▶ Description of the task
Reproduce the entries in full and exactly. Pictures stay out.

[Opening Dataset content section]

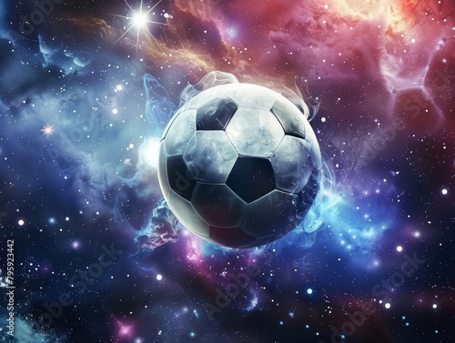 Fototapeta premium Graphic arts representation of a soccer ball in a cosmic setting for banner,...
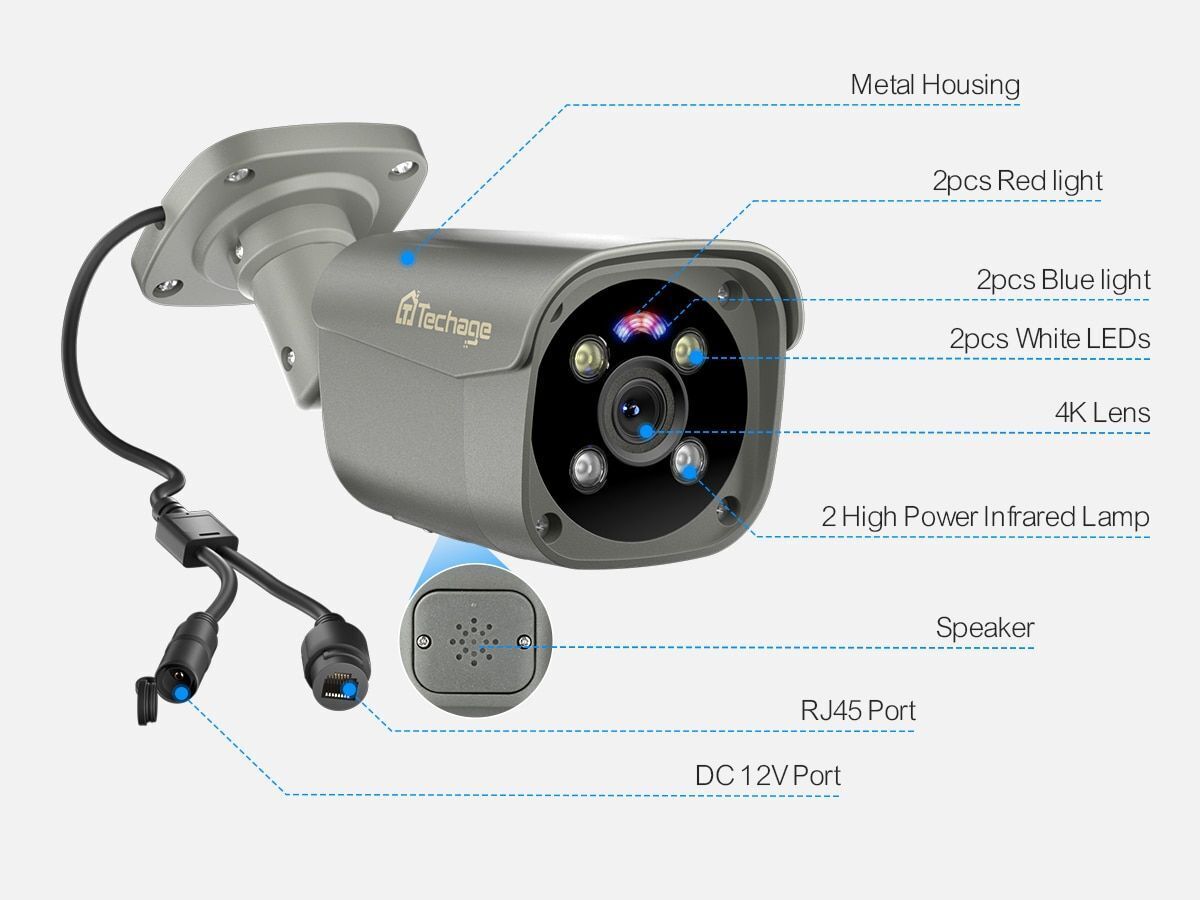 Techage Face Detected POE Camera Colorful Night 8MP CCTV Video 4 Techage cameras kit
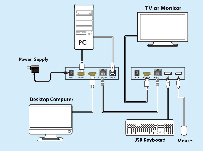 - Vysílač má jeden vstupní HDMI konektor a jeden lokální HDMI výstup. Přijímač má jeden HDMI výstup pro vzdálená monitor.
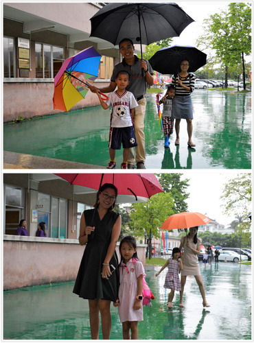今天早上下著瓢潑大雨,為了避免小朋友和家長(zhǎng)被雨淋濕,我校派出十多位男老師撐著“大傘”,一路為新生和家長(zhǎng)保駕護(hù)航。
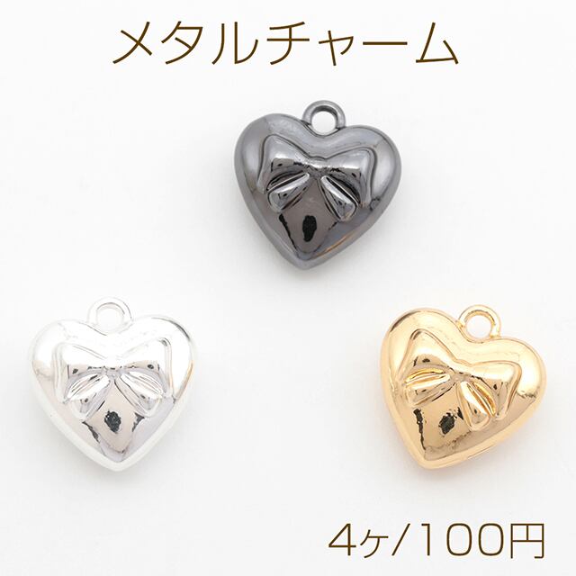 M14926 メタルチャーム 合金製 ハート リボン 立体 メタルパーツ 約12×13mm(4ヶ) | Beads&parts BASE2号店
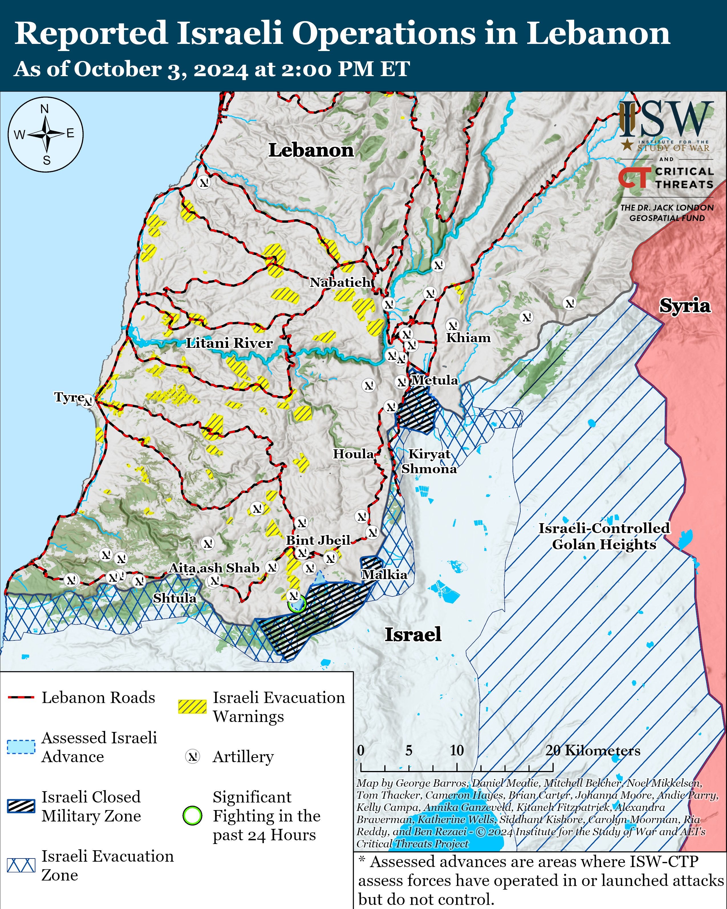 As for that new Lebanese campaign, ISW and other sources claim the IDF has made marginal advances into southern Lebanon in a pincer-like motion from Upper Galilee and the northeastern Galilee Panhandle region:
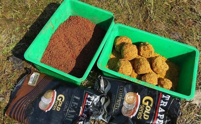 В качестве наполнителя кормушки использовалась карповая прикормка TRAPER, а насадкой на крючок обычная консервированная кукуруза. Прикормка готовилась в специальном складном ведре для прикормки с добавлением воды из водоёма. После заброса удилище устанавливалось на две телескопические подставки – параллельно береговой линии у среза воды. При установке его на подставки при помощи катушки вершинка устанавливается с некоторым отклонением в сторону заброса для натяжения лески.
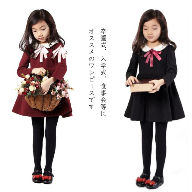 子供ワンピース フォーマル 入学式 卒園式 ワンピース キッズ 子供服フォーマル 子供服 女の子 こども服 通園 通学 子ども服 長袖ワンピース ブラック ワインレッド キッズワンピース 長袖ワンピース 110 120 130 140 子ども服 女の子 発表会 結婚式 お受験
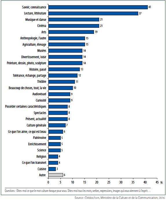 Quels sont les premiers mots qui vous viennent à l’esprit quand vous devez évoquer la culture ? En fonction de la variété des réponses données, 28 registres sont ressortis des entretiens. À 41 %, les personnes interrogées estiment que le terme culture est associé à la connaissance, au savoir accumulé et transmis, ou comme un processus d’acquisition de connaissances. Pour les auteurs, c’est une conception héritée de « la vision encyclopédique du siècle des Lumières ». On retrouve ensuite des termes relatifs à la lecture et la littérature (37 %), puis ceux liés à l’expression artistique comme la musique ou bien la danse (21 %), le cinéma (21 %) et les arts de manière plus globale (19%).
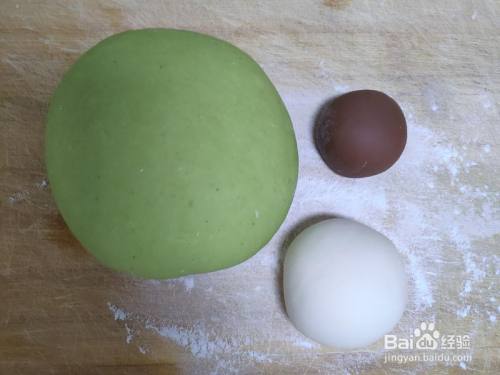 白色面团拿出来一小份,插手可可粉,揉当作可可面团。三种面团做好以落伍行发酵。

[Closing Dataset content section]

▶ Solution for this problem
 Fototapeta premium Graphic arts representation of a soccer ball in a cosmic setting for banner,...
 Techage Face Detected POE Camera Colorful Night 8MP CCTV Video 4 Techage cameras kit
 - Vysílač má jeden vstupní HDMI konektor a jeden lokální HDMI výstup. Přijímač má jeden HDMI výstup pro vzdálená monitor.
今天早上下著瓢潑大雨,為了避免小朋友和家長(zhǎng)被雨淋濕,我校派出十多位男老師撐著“大傘”,一路為新生和家長(zhǎng)保駕護(hù)航。
 M14926 メタルチャーム 合金製 ハート リボン 立体 メタルパーツ 約12×13mm(4ヶ) | Beads&parts BASE2号店
 As for that new Lebanese campaign, ISW and other sources claim the IDF has made marginal advances into southern Lebanon in a pincer-like motion from Upper Galilee and the northeastern Galilee Panhandle region:
 В качестве наполнителя кормушки использовалась карповая прикормка TRAPER, а насадкой на крючок обычная консервированная кукуруза. Прикормка готовилась в специальном складном ведре для прикормки с добавлением воды из водоёма. После заброса удилище устанавливалось на две телескопические подставки – параллельно береговой линии у среза воды. При установке его на подставки при помощи катушки вершинка устанавливается с некоторым отклонением в сторону заброса для натяжения лески.
 子供ワンピース フォーマル 入学式 卒園式 ワンピース キッズ 子供服フォーマル 子供服 女の子 こども服 通園 通学 子ども服 長袖ワンピース ブラック ワインレッド キッズワンピース 長袖ワンピース 110 120 130 140 子ども服 女の子 発表会 結婚式 お受験
 Quels sont les premiers mots qui vous viennent à l’esprit quand vous devez évoquer la culture ? En fonction de la variété des réponses données, 28 registres sont ressortis des entretiens. À 41 %, les personnes interrogées estiment que le terme culture est associé à la connaissance, au savoir accumulé et transmis, ou comme un processus d’acquisition de connaissances. Pour les auteurs, c’est une conception héritée de « la vision encyclopédique du siècle des Lumières ». On retrouve ensuite des termes relatifs à la lecture et la littérature (37 %), puis ceux liés à l’expression artistique comme la musique ou bien la danse (21 %), le cinéma (21 %) et les arts de manière plus globale (19%).
 白色面团拿出来一小份,插手可可粉,揉当作可可面团。三种面团做好以落伍行发酵。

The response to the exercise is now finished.